3年ぶり海外遠征は世界へのチャンス 野心燃やすU-19日本代表MF中村仁郎への期待
U-19日本代表が参加し、5月31日に初戦を迎える第48回モーリスレベロトーナメント(旧トゥーロン国際大会)。2019年以来の海外遠征に向け、並々ならぬ野心を前面に押し出すのが、ガンバ大阪で売り出し中のMF中村仁郎だ。
しかしながら、若き新星も2020年以降のコロナ禍で世界の舞台から2年半も遠ざかってしまった。日本サッカー協会の反町康治技術委員長が「U-16代表が今月の欧州遠征でノルウェーやルーマニアといったトップではない国に勝てなかった。それだけ強豪との差が広がっているということだ」と危機感を募らせたが、中村のような海外志向の強い人間にとっては耳の痛い話。欧州を見れば、ジャマル・ムシアラ(バイエルン)、ジュード・ベリンガム(ドルトムント)ら同世代の逸材が異彩を放っていることもあり、焦燥感を募らせているに違いない。
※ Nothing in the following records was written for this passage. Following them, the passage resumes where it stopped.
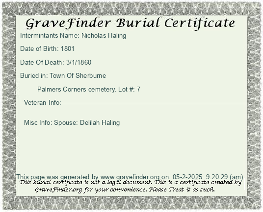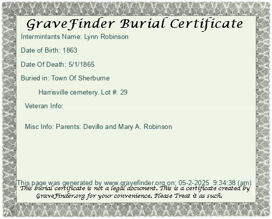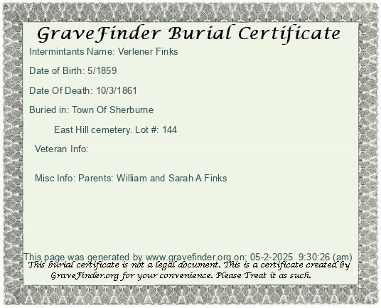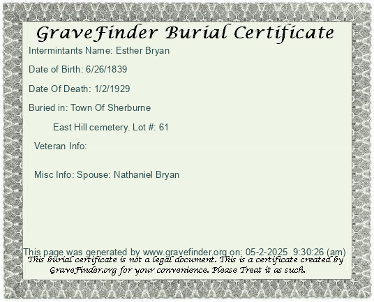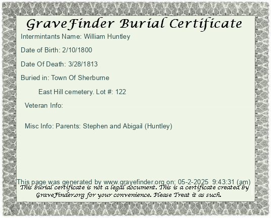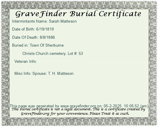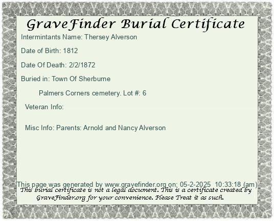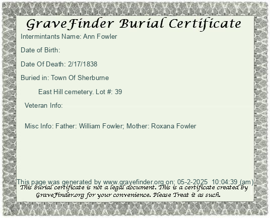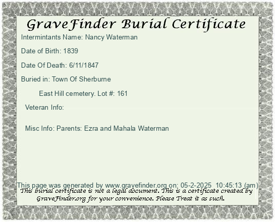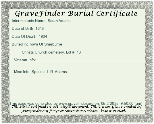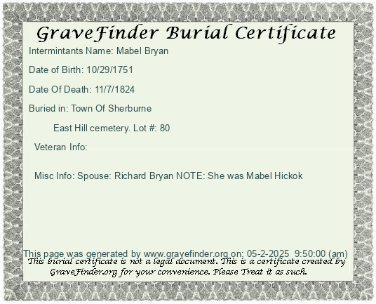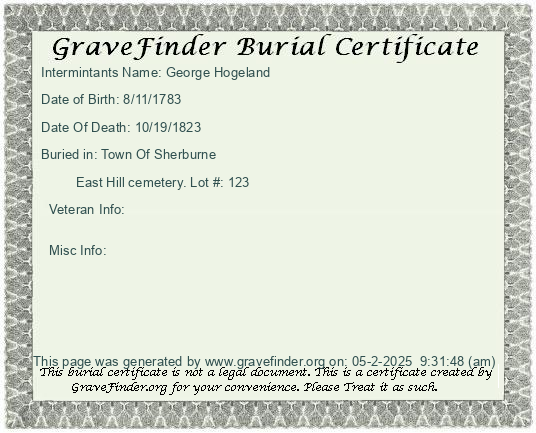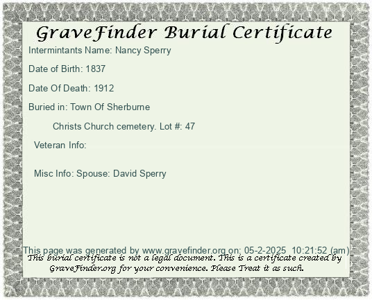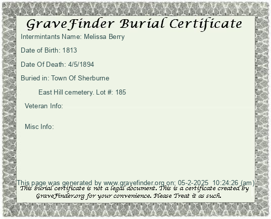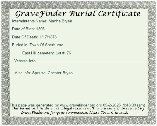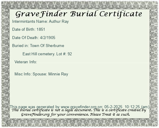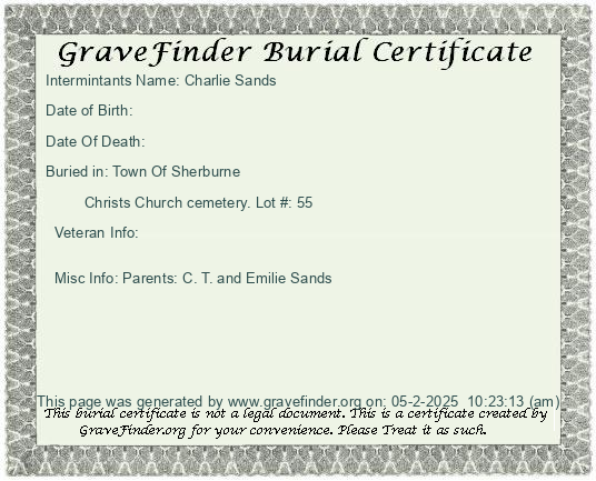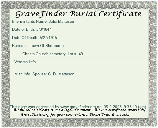 New York - Chenango - - - - Lot Number - Burial Certificate | Cemetery Map |
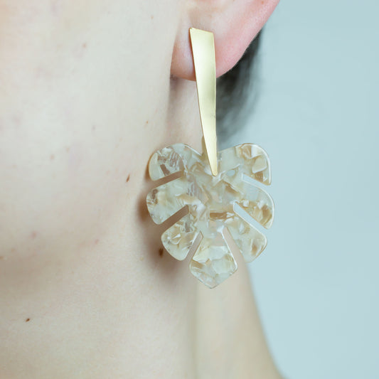 Cercei lungi cu frunză exotică și accent cromat - Bej
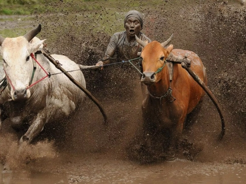 Also referred to as “cow dashing” or “cow running,” this activity is well-liked in Thailand and Indonesia, among other nations. It entails cows racing on a track on a sled pulled by a jockey at great speeds, frequently in front of excited spectators.
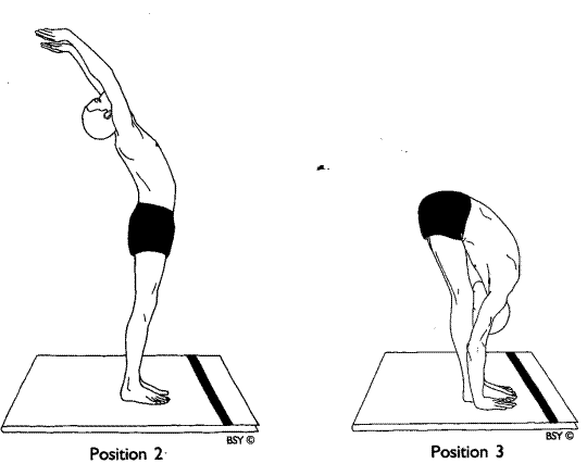 Позиция 5: Падахастасана (наклон вниз) Расслабьтесь, поставьте руки обратно на пол, рядом с левой стопой. Выдыхая поставьте правую стопу обратно, наклоняясь вниз. Ноги прямые. Лбом нужно постараться коснуться колен, как в упражнении 3.
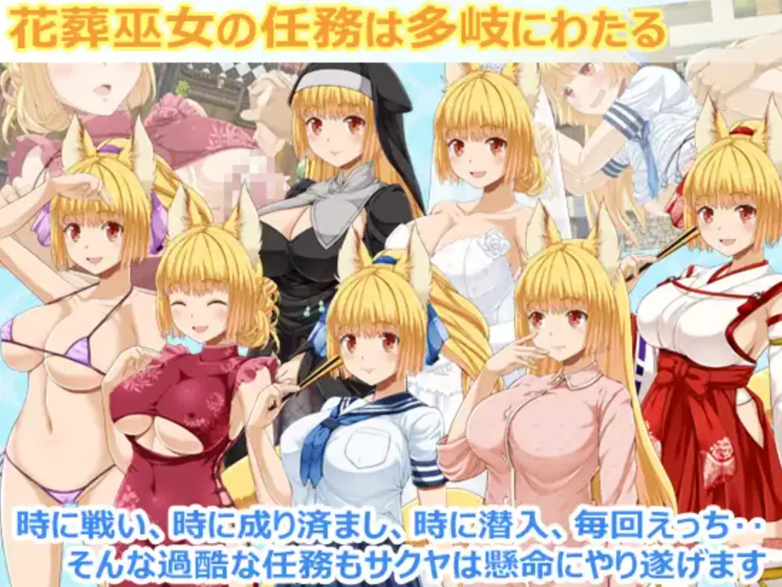 The heroine, “Sakuya,” is the “Flower Burial Shrine Maiden,” who can return tsukumogami to their original item forms by having sex with them.

だからこそ、中学時代から過ごしているG大阪で目に見える結果を出そうと躍起になっていた。中村は2020年12月19日の清水エスパルス戦でJ1デビュー。高校2年生のJ1出場は宇佐美貴史、堂安律以来というから、大きなポテンシャルが伺えた。けれども、トップ昇格を果たした今季は開幕からベンチ外が続き、予期せぬ挫折を味わった。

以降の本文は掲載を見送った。